§ **Extracted records**
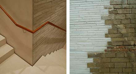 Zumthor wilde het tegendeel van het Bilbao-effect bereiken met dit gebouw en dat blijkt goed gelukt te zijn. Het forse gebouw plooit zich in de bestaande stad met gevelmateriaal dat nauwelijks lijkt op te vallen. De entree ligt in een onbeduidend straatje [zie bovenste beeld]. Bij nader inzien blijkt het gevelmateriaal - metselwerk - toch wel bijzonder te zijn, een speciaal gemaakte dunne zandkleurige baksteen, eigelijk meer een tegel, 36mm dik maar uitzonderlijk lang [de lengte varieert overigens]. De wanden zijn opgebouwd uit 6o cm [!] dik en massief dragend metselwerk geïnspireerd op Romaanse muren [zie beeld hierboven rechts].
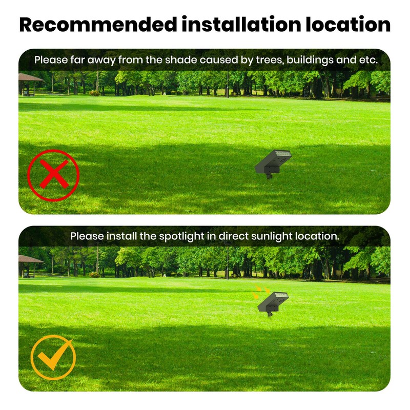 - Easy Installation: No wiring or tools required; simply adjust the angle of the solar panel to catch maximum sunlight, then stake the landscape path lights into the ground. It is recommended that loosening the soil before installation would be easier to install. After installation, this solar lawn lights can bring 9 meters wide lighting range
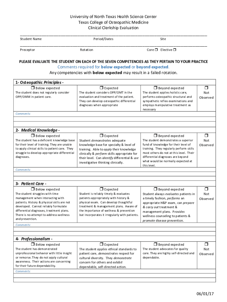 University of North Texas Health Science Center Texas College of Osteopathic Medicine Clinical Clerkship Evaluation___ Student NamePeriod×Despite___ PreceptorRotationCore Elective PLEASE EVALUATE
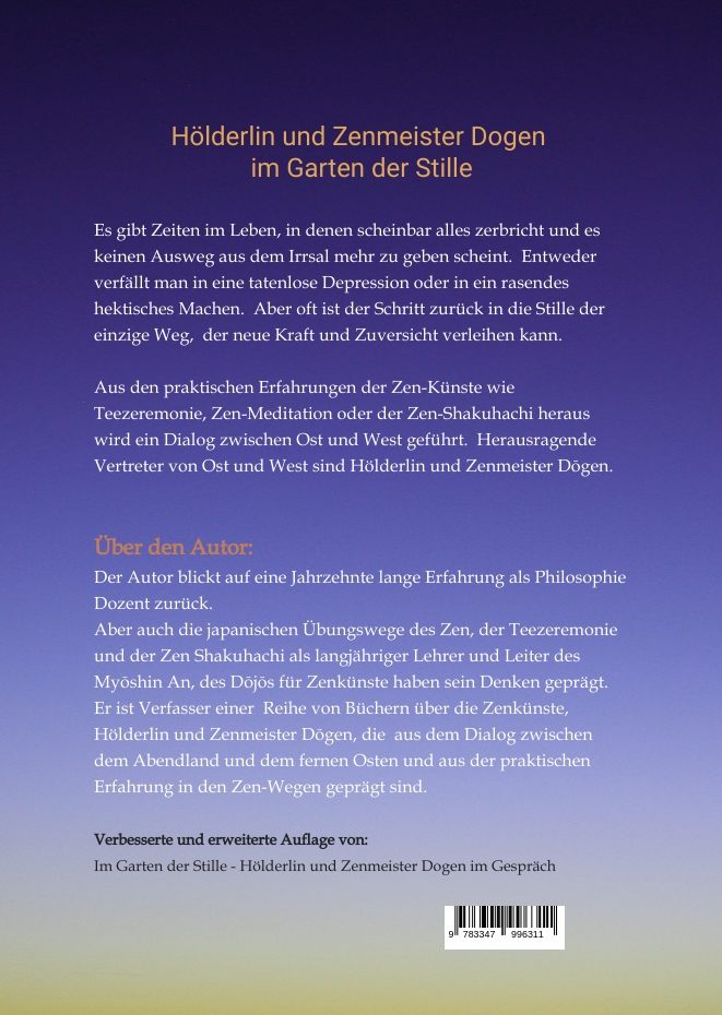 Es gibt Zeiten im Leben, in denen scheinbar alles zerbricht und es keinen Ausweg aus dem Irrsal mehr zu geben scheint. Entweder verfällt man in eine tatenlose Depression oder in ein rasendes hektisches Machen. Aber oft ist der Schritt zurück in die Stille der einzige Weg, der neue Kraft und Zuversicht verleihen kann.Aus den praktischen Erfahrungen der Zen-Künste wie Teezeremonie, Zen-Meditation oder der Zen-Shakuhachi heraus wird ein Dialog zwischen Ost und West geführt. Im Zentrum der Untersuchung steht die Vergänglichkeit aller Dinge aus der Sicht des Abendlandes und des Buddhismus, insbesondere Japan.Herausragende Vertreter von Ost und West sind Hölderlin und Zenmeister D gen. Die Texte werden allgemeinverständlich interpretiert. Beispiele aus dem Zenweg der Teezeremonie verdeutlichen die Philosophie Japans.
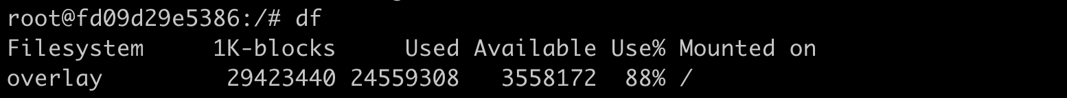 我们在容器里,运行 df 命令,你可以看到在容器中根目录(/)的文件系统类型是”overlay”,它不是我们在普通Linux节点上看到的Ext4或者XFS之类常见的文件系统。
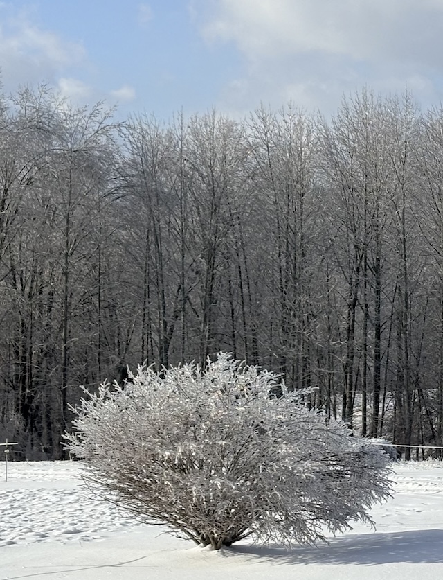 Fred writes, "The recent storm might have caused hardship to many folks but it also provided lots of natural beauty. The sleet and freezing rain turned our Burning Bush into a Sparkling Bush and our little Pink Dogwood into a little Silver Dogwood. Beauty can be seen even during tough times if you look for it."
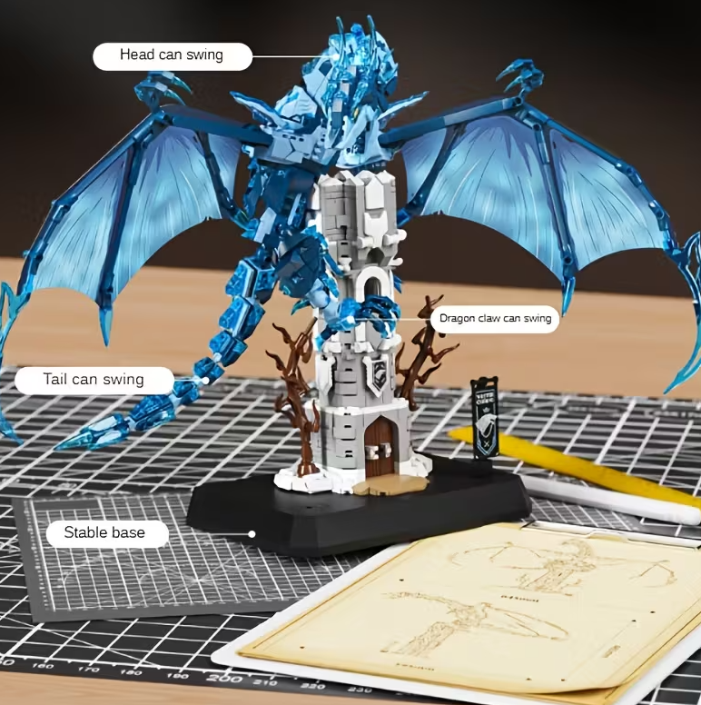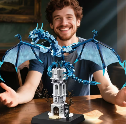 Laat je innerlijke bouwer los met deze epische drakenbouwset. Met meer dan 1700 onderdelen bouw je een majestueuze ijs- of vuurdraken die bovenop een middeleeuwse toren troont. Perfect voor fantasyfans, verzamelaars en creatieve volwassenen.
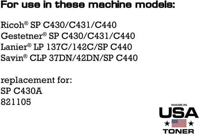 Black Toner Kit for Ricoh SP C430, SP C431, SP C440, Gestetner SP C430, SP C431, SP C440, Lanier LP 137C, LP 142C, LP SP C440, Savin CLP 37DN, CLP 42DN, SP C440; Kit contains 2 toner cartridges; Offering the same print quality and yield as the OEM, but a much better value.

§ **Your task**
Set down the data above verbatim, omitting every image.

§ **Answer section**
 Zumthor wilde het tegendeel van het Bilbao-effect bereiken met dit gebouw en dat blijkt goed gelukt te zijn. Het forse gebouw plooit zich in de bestaande stad met gevelmateriaal dat nauwelijks lijkt op te vallen. De entree ligt in een onbeduidend straatje [zie bovenste beeld]. Bij nader inzien blijkt het gevelmateriaal - metselwerk - toch wel bijzonder te zijn, een speciaal gemaakte dunne zandkleurige baksteen, eigelijk meer een tegel, 36mm dik maar uitzonderlijk lang [de lengte varieert overigens]. De wanden zijn opgebouwd uit 6o cm [!] dik en massief dragend metselwerk geïnspireerd op Romaanse muren [zie beeld hierboven rechts].
 - Easy Installation: No wiring or tools required; simply adjust the angle of the solar panel to catch maximum sunlight, then stake the landscape path lights into the ground. It is recommended that loosening the soil before installation would be easier to install. After installation, this solar lawn lights can bring 9 meters wide lighting range
 University of North Texas Health Science Center Texas College of Osteopathic Medicine Clinical Clerkship Evaluation___ Student NamePeriod×Despite___ PreceptorRotationCore Elective PLEASE EVALUATE
 Es gibt Zeiten im Leben, in denen scheinbar alles zerbricht und es keinen Ausweg aus dem Irrsal mehr zu geben scheint. Entweder verfällt man in eine tatenlose Depression oder in ein rasendes hektisches Machen. Aber oft ist der Schritt zurück in die Stille der einzige Weg, der neue Kraft und Zuversicht verleihen kann.Aus den praktischen Erfahrungen der Zen-Künste wie Teezeremonie, Zen-Meditation oder der Zen-Shakuhachi heraus wird ein Dialog zwischen Ost und West geführt. Im Zentrum der Untersuchung steht die Vergänglichkeit aller Dinge aus der Sicht des Abendlandes und des Buddhismus, insbesondere Japan.Herausragende Vertreter von Ost und West sind Hölderlin und Zenmeister D gen. Die Texte werden allgemeinverständlich interpretiert. Beispiele aus dem Zenweg der Teezeremonie verdeutlichen die Philosophie Japans.
 我们在容器里,运行 df 命令,你可以看到在容器中根目录(/)的文件系统类型是”overlay”,它不是我们在普通Linux节点上看到的Ext4或者XFS之类常见的文件系统。
 Fred writes, "The recent storm might have caused hardship to many folks but it also provided lots of natural beauty. The sleet and freezing rain turned our Burning Bush into a Sparkling Bush and our little Pink Dogwood into a little Silver Dogwood. Beauty can be seen even during tough times if you look for it."
 Laat je innerlijke bouwer los met deze epische drakenbouwset. Met meer dan 1700 onderdelen bouw je een majestueuze ijs- of vuurdraken die bovenop een middeleeuwse toren troont. Perfect voor fantasyfans, verzamelaars en creatieve volwassenen.
 Black Toner Kit for Ricoh SP C430, SP C431, SP C440, Gestetner SP C430, SP C431, SP C440, Lanier LP 137C, LP 142C, LP SP C440, Savin CLP 37DN, CLP 42DN, SP C440; Kit contains 2 toner cartridges; Offering the same print quality and yield as the OEM, but a much better value.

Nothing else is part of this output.